De inhoud van het plan kan slechts gehandhaafd worden indien het beleid en de regeling in grote kring ondersteund wordt door de gebruikers van het plangebied. Uiteraard kan niet iedereen zich vinden in elk onderdeel van het plan. Een algemene positieve benadering van het bestemmingsplan is echter wel wenselijk.

  • 3.   Realistische en inzichtelijke regeling

Een juridische regeling dient inzichtelijk en realistisch te zijn; dat wil zeggen niet onnodig beperkend of inflexibel. Bovendien moeten de bepalingen goed controleerbaar zijn. De regels moeten derhalve niet meer regelen dan noodzakelijk is.

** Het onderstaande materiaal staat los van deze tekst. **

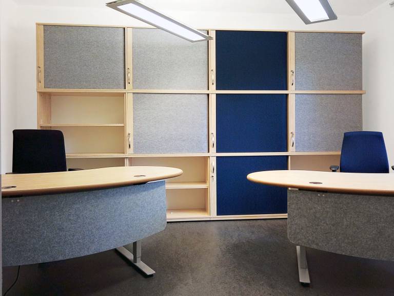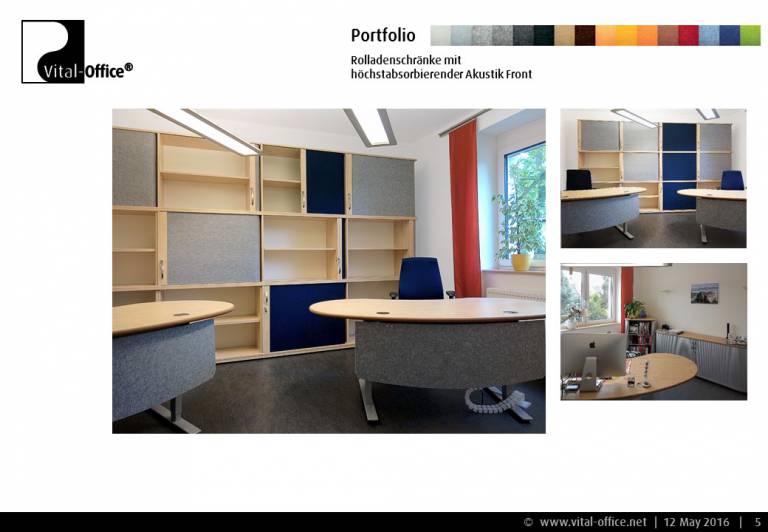 Highly sorbent, flexible vitAcoustic sound absorbers as blinds for roller shutter cabinets cost-effectively transform barriers into highly effective broadband absorbers. Following the principle of microperforation, the textile vitAcoustic panels combined with a cavity (cabinet interior) develop a nearly linear broadband absorption, especially in language-relevant areas. The vitAcoustic roller shutters, which are available in up to 50 colors, are generally cheaper than comparable PVC shutters.

  • 4. Actief handhavingsbeleid

Het sluitstuk van een goed handhavingsbeleid is voldoende controle van de feitelijke situatie in het plangebied. Daarnaast moeten adequate maatregelen worden getroffen indien de voorschriften worden overtreden. Indien dit wordt nagelaten, ontstaat een grote mate van rechtsonzekerheid.

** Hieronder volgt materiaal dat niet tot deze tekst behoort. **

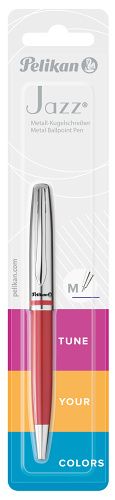 Kuličkové pero K35 Jazz Classic, kovové s pochromovanou vrchní částí a červenou spodní částí těla, s kovovým klipem, leskle lakované, náplň Pelikan 337 M modrá, na blistru
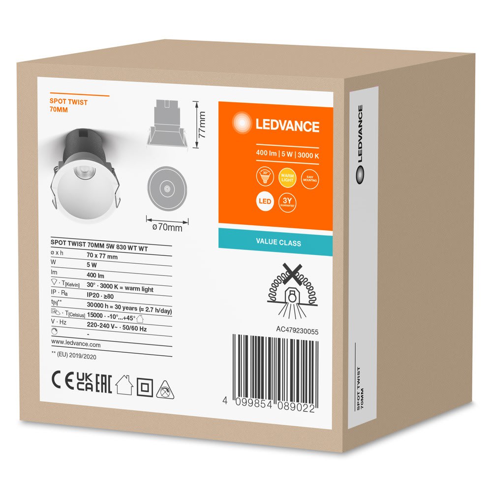 Ledvance - LDV SPOT TWIST ø70mm 5W/3000K 400lm 30° Blanc Spot décoratif LEDVANCE - 089022

De gemeente voert een actief handhavingsbeleid. Medewerkers van de gemeente houden zich bezig met het toezicht op de naleving van de Woningwet en de Wro. Het hoofddoel is de controle van de naleving van de verleende vergunningen en het opsporen van illegale bouw.

Hoofdstuk 7 Procedure

7.1 Te volgen procedure

Het bestemmingsplan doorloopt als ontwerp respectievelijk vastgesteld en onherroepelijk bestemmingsplan de volgende procedure, te weten:

  • 1. Ontwerp:
    • a. 1e ter inzage legging (ontwerp bestemmingsplan)
  • 2. Vaststelling:
    • a. Vaststelling door de Raad
    • b. 2e ter inzage legging (vastgesteld bestemmingsplan)
  • 3. Beroep:
    • a. (Gedeeltelijk) onherroepelijk bestemmingsplan
    • b. Reactieve aanwijzing
    • c. Beroep bij Raad van State

In het kader van deze procedure kunnen gedurende de ter inzageligging van het ontwerp bestemmingsplan door een ieder zienswijzen worden ingediend. In publicaties met betrekking tot de diverse stappen die het plan moet doorlopen wordt daarvan steeds melding gemaakt. Uiteindelijk besluit de Afdeling bestuursrechtspraak van de Raad van State, indien nodig, over het plan in zijn onherroepelijke vorm.

7.2 Ontwerp en vaststelling

Het ontwerpbestemmingsplan heeft met ingang van 7 juli 2021 gedurende 6 weken ter inzage gelegen. Gedurende deze periode is iedereen in de gelegenheid gesteld om zijn/haar zienswijze kenbaar te maken. De ontvangen zienswijzen zijn samengevat en beantwoord in de nota van zienswijzen die onderdeel uitmaakt van het raadsbesluit.

Het bestemmingsplan is in de raadsvergadering van 14 oktober 2021 ongewijzigd vastgesteld.